Carters Professional Corporation

CHARITY LAW BULLETIN No.344

 
June 25, 2014
Printer Friendly PDF
Editor: Terrance S. Carter
 

CRTC RELEASES INFORMATION BULLETIN ON COMPLIANCE PROGRAMS FOR CASL

By Ryan Prendergast*

A.     INTRODUCTION

On June 19, 2014, the Canadian Radio-television and Telecommunications Commission (CRTC) published a new bulletin concerning Canada’s anti-spam legislation (CASL). Compliance and Enforcement Bulletin CRTC 2014-326[1] (the “Bulletin”) provides guidelines from the CRTC to help businesses develop corporate compliance programs.

The Bulletin provides “general guidance and best practices” for businesses, but will also be of assistance to charities and non-profit organizations where their activities include the sending of “commercial electronic messages” (CEM) as set out in CASL.[2] This Charity Law Bulletin provides a summary of some of the guidance and best practices contained in the Bulletin which may have some application to charities and non-profit organizations.

Although the Bulletin provides advice preparing a compliance program for both the CRTC Unsolicited Telecommunications Rules (referring to the Do Not Call List) and for CASL, the focus of this Charity Law Bulletin will be on the advice the Bulletin contains with regard to establishing a compliance program for CASL. Charities and non-profit organizations conducting activities that the Unsolicited Telecommunications Rules apply to are encouraged to refer directly to the Bulletin for additional guidance.

B.     PREPARING A COMPLIANCE PROGRAM

As noted in previous Charity Law Bulletins and Charity Law Updates, violations of CASL may result in significant penalties. A charity or non-profit organization may have to pay a monetary fine if it is found not to have complied with CASL. As well, section 31 of CASL states that the directors and officers of corporations may be liable if they “directed, authorized, assented to, acquiesced in or participated in the commission of the violation”.

In this regard, the only defence under CASL for a violation is where the organization can demonstrate that it exercised due diligence. As such, the Bulletin states that implementing a compliance program may “(i) reduce the likelihood of businesses violating… CASL, and (ii) help business establish a due diligence defence in the case of a violation…” However, it is important to note that the Bulletin also indicates that “the pre-existence of a corporate compliance program may not be sufficient as a complete defence”. As such, while having a compliance program, including a CASL policy, will be of assistance to charities or non-profit organizations involved in sending CEMs, the mere adoption of such a program will not always be sufficient to protect the organization where a breach of CASL occurs.
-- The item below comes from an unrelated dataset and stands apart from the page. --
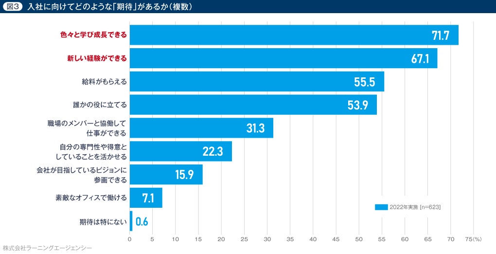 次に、昨年より大幅に増加した「期待」についても見ていきます。入社に向けてどのような「期待」があるかを質問した結果、「色々と学び成長できる」が71.7%と最も高い割合となりました。次に「新しい経験ができる」が67.1%、「給料がもらえる」は55.5%、「誰かの役に立てる」が53.9%と続きました。内定者は社会に出ることに対して不安を抱えながらも、自身の成長や新たな経験へ、前向きに期待していることがわかりました。(図3)

The Bulletin also notes that it should not be read as “prescriptive”, as it does not constitute legal advice, nor is it intended by the CRTC to be exhaustive. As well, the CRTC, although in reference to businesses, notes that “small and medium-sized business do not have the resources that large corporations have”. One would assume that this comment applies equally to smaller charities and non-profit organizations who may not have the same capacity as larger organizations, given the disparity of size and resources in the not-for-profit sector.

1.      Elements Identified by CRTC as Components of a Compliance Program

The following components of a compliance program are identified in the Bulletin:

·         Senior management involvement;

·         Risk Assessment;

·         Written corporate compliance policy;

·         Record keeping;

·         Training program;

·         Auditing and monitoring;

·         Complaint-handling system; and

·         Corrective action.

The Bulletin provides illustrative examples concerning how each of these elements may vary depending upon the size of the organization. For example, concerning the involvement of senior management, it is suggested that “a member of the senior management could be named as the business’s chief compliance officer” so that this person can be the individual responsible for the organization on CASL. With regard to smaller organizations, the Bulletin suggests that the organization could “identify a point person who is responsible and accountable for compliance”.
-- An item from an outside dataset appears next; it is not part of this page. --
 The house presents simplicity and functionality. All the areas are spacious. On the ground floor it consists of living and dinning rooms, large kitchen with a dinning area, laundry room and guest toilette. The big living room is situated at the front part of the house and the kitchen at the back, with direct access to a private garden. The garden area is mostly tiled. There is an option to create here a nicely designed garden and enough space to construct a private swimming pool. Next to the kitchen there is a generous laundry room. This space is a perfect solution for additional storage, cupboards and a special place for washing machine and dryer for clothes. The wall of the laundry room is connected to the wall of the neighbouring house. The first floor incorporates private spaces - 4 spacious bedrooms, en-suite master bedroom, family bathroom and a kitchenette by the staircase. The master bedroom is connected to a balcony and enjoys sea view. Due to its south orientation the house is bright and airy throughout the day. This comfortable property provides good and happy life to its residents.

2.      Summary of Program Components

      a)      Maintaining and Reviewing an Up-to-date Policy

As discussed in previous Charity Law Updates, part of a demonstrating due diligence under CASL may involve developing a policy in order to educate employees or volunteers concerning the obligations of the charity or non-profit organization under the legislation.
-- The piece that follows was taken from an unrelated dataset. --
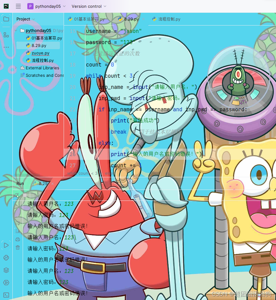 要求:用户名和密码都输入正确,打印来宾三位,否则:提示用户名或者密码错误

In this regard, the Bulletin provides some helpful guidance concerning what issues the policy might address. These include, for example:

·         Establishing internal procedures for compliance;

·         Addressing related training that covers the policy and internal procedures;

·         Establish auditing and monitoring mechanisms;

·         Establish procedures for dealing with third-parties;

·         Address record keeping; or

·         Provide a feedback mechanism for employees to persons responsible for compliance.

 

The Bulletin also stresses that a policy should be “easily accessible to employees, including managers”. As well, the policy should be reviewed regularly to ensure that it is up to date. It is not clear whether “accessible” means easy to find, or easy to understand in this context. However, if employees are not able to find the policy, or not able to follow it once they do, the policy will not likely be seen by the CRTC as an aid in establishing due diligence.

      b)      Proving Compliance

As a review, charities or non-profit organizations that send a CEM must be able to demonstrate that they have consent, either express or implied, to do so. While an organization may have obtained express consent in the past, if there is no record of that express consent available, then the organization may as well have had no consent. In this regard, the Bulletin also includes some suggestions concerning the types of records, either physical or electronic, that an organization may want to have on hand in establishing a compliance program. With respect to the types of records that an organization may want to keep concerning CASL, the Bulletin includes the following:

·         CEM policies and procedures;

·         All unsubscribe requests and actions;

·         Evidence of express consent;

·         CEM consent logs;

·         CEM scripts;

·         Actioning unsubscribe requests for CEMs;

·         Staff training documents; and

·         Official financial records.

 

Some elements appear repetitive, such as keeping records of “unsubscribe requests and actions” and “actioning unsubscribe requests”. These suggestions emphasize, however, the need to maintain records that demonstrate compliance with CASL. For example, unsubscribe requests need to be made effective within 10 days in accordance with CASL. In this regard, it would be prudent for charities and non-profit organizations that need to comply to keep records that indicate that these requests are actioned within the timeline prescribed in the legislation. This comment would apply equally to other obligations under CASL.

      c)      Continuous Monitoring and Improvement

The record keeping practices suggested in the Bulletin recommend keeping records of training documents. In this regard, although a policy is one helpful element of establishing due diligence, it will also be important to make sure that employees and volunteers are trained on all other aspects of the compliance program being implemented.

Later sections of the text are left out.